Sullivan believes this is the truth. Black culture is uniquely destructive to the family.
“It’s social conservatism losing its grip in African-American communities,” Sullivan said.
Sullivan is focused on the retention rate of marriage dwindling over time as he said that it was around 80% in Harlem in the 1930s, jumping to 30% in the 1980s. He thought that if the rate would be where it was in the 1930s then it would bode well for black children to succeed in life.

“People in those communities want a better quality of life, whatever we have to do to get there for them to obtain a quality of life, it’s not about broken marriage [preventions], it’s about how do we get people the quality of life that we all as Americans deserve.”
Stewart said the panel can agree on that sentiment.
“I’ve appreciated everyone taking the time to do this, boy has it pointed out some fault lines; we got to recalibrate and find a way to be open to all different stripes of white people in the conversation whether they be people who study it, people who spend their lives trying to change it, or people who are very upset about having to do that,” Stewart said to close the show.
Conclusion
Was Andrew Sullivan complicit in this conversation of race relations between white and black people?
He is complicit by not acknowledging what the other members of the panel have to say about race relations between white and black people. Others in the conversation informed Sullivan of what holds back conversations of race in America. They gave their position on the matter and explained how black and white people perceive race differently in America.

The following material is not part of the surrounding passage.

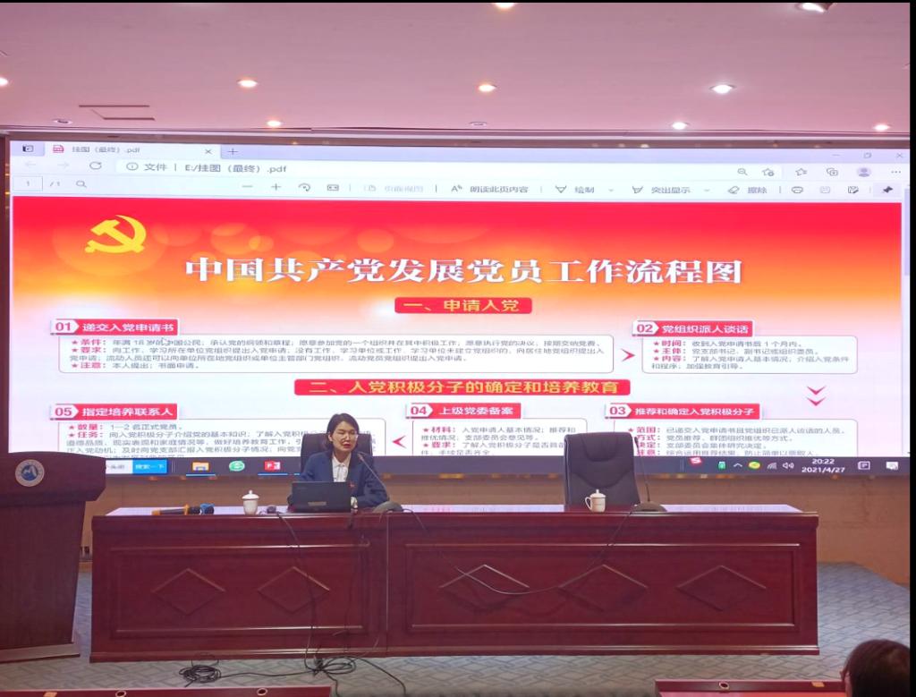 為幫助入黨積極分子進一步明確入黨程序,提升入黨積極分子的思想政治素質(zhì), 2021年5月17日晚,護理學(xué)院分黨校第一期培訓(xùn)班第十次集中授課于實訓(xùn)樓四樓報告廳順利舉行。本次黨課由護理學(xué)院黨總支專職組織員許慧瓊老師主講《發(fā)展黨員的程序》,護理學(xué)院300余名入黨積極分子參加。

Sullivan’s perspective came through a colorblind lens and he was not taking in their perspective to find a viable solution to the problem of conversations about race. He blamed black culture for the deterioration of black families in America, which he says is the biggest problem facing African Americans.
But, why does he think black families are unstable? He said that we need to address that issue. He disregarded Stewart’s mention of mass incarceration and how we viewed the crack epidemic in the 1980s.
Stewart said it best, how it always gets framed on a moral level where we are taught that if you’re racist then you are a bad person. The framing of how we are taught systemic racism has to change because being a racist means that you have a closed minded difference of opinion.
A difference of opinion isn’t a bad thing and not being open to take someone’s perspective on systemic racism and how colorblindness and white supremacy factors into it is likely due to a lack of education.
This is where Sullivan’s mention of investing more on schooling is a strong point because our youth need to be taught more about race in schools starting in kindergarten.
Would Sullivan’s perspective be more open minded to the idea of systemic racism if he was educated on it, or in other words, critical race theory, in his youth, or any point of his life?
The problem is Critical Race Theory (CRT) has been limited in the teachings of schools around the U.S. in states such as Oklahoma, Texas and Idaho. CRT is the recognition that race is a social construct. It will make youth feel shame and guilt, which is what Sullivan’s position on race in the discussion was coming from partially.
Schools have to teach our youth about the systems that separated and made black people inferior to white people without making either of them feel guilty and ashamed.
Teachers need to teach black history framed as what people thought about different groups of people back then with context and the evolution of how different groups of people thought of each other to modern times.
Yes, it makes sense white people would be defensive and feel shame and guilt when these conversations are being had because it is an attack on their people and more importantly, themselves.
But, no, we need to treat each other with grace and compassion in order for conversations about race to be more frequent. It’s not currently anybody’s fault why things are the way they are. We just need to critically think about how white people can relate to black people and reach a common ground to achieve equity between us.